Cuando la carrera por el financiamiento empezó a salirse de control, el poder central lanzó una ofensiva contra estas prácticas, con un doble objetivo. Por un lado, sin duda, reducir la amenaza latente de un endeudamiento gigantesco. Pero por el otro, y en consonancia con los criterios que vimos más arriba, se trata de una manera lateral de golpear al sector privado, que es en realidad el principal cliente de la “banca en las sombras”. No porque los gobiernos locales no recurran a ella, sino porque para los privados no suele haber otro camino: los bancos prefieren prestar a las compañías estatales, lejos de cualquier razón ideológica, simplemente porque en esos casos el Estado es el garante del recupero de los créditos.

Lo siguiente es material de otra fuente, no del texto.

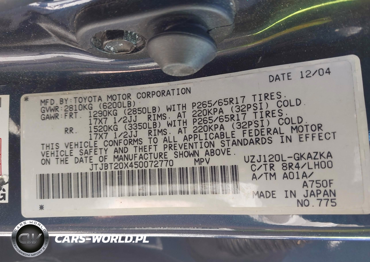 IAAI Nr: I-44800717 VIN: JTJBT20X450072770 Port: Savannah, GA

Una de las performances estelares de la economía china es la del área de las finanzas digitales: China tiene las mayores empresas del mundo en las llamadas “fintech” (empresas de financiamiento digital, pagos online con el celular y aplicaciones financieras). Aquí caben otra vez las “ventajas del atraso” y la posibilidad de quemar etapas: mucho antes de que tuviera posibilidad de desarrollarse una bancarización tradicional masiva y el uso de tarjetas de crédito, una parte sustancial de la población tuvo acceso a estas formas de financiamiento no bancarias, mucho más ágiles y accesibles. De todos modos, trataremos este tema más en detalle en el capítulo siguiente, dedicado específicamente al auge de la tecnología digital.

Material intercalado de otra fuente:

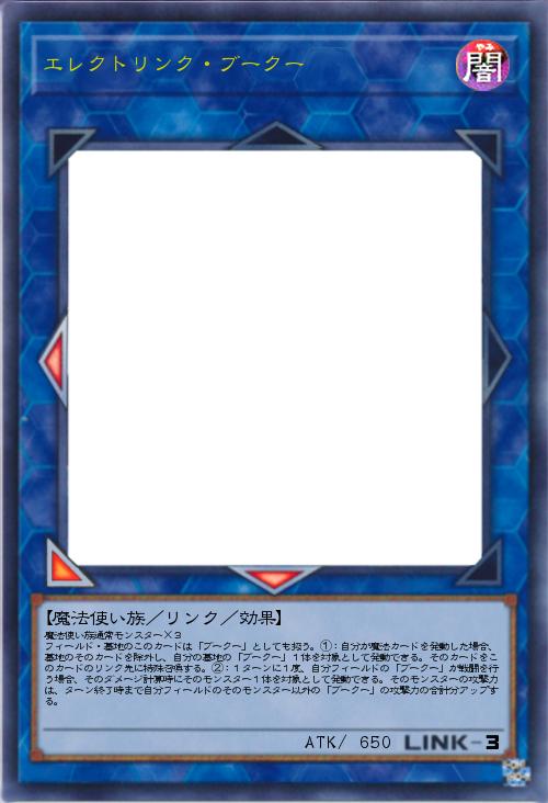 | 魔法使い族通常モンスター×3 フィールド・墓地のこのカードは「ブークー」としても扱う。①:自分が魔法カードを発動した場合、墓地のそのカードを除外し、自分の墓地の「ブークー」1体を対象として発動できる。そのカードをこのカードのリンク先に特殊召喚する。②:1ターンに1度、自分フィールドの「ブークー」が戦闘を行う場合、そのダメージ計算時にそのモンスター1体を対象として発動できる。そのモンスターの攻撃力は、ターン終了時まで自分フィールドのそのモンスター以外の「ブークー」の攻撃力の合計分アップする。 | |||

Por último, cabe tomar nota de que ha comenzado, aunque lentamente y desde muy atrás, la proyección de China como plaza financiera internacional. Es verdad que por ahora la inversión extranjera en bonos y acciones chinos no supera el 2-3%, lo que explica por qué la apertura de las cotizaciones en la Bolsa de Shanghai no representa todavía un dato significativo para los mercados financieros. Sin embargo, la política china apunta, aun en el contexto de la rivalidad con EEUU, a aumentar, no a disminuir, los lazos financieros con el resto del mundo. Con ese fin, está dando a los inversores extranjeros concesiones nuevas. Por ejemplo, está flexibilizando las condiciones de acceso al mercado y la compra de acciones de firmas chinas, y, contra lo que ocurre con los propios ciudadanos chinos, los inversores extranjeros no tienen restricciones para retirar su capital del país si así lo desean, en un claro intento de seducción sobre todo a los grandes fondos de inversión internacionales.

Como lo demuestran los balances del HSBC –obtiene tres cuartas partes de sus ganancias globales sólo de China y Hong Kong–, las posibilidades de hacer buenos negocios, si es con la venia del PCCh, son inmensas. Y la relación es de mutua conveniencia, porque ante la reducción de su legendario superávit de cuenta corriente externa, del 10% del PBI en 2007 a menos del 1% en 2018, el flujo de inversión externa es imprescindible para evitar una depreciación del yuan (TE 9150, “Counter-flow”, 6-7-19).

Los activos de bancos extranjeros en China llegaron a 650.000 millones de dólares, un tercio más que en Japón. Y esos bancos tienen la convicción de que la apertura va en serio. Lo irónico es que justo en el momento en que China decide adoptar una política favorable a la inversión extranjera, EEUU se propone bloquearla. De modo que, más allá de los avatares de la pandemia, la evolución de esta rama de actividad va a estar en el período inmediato sometida a las vicisitudes de la “nueva Guerra Fría” y los vaivenes de Trump.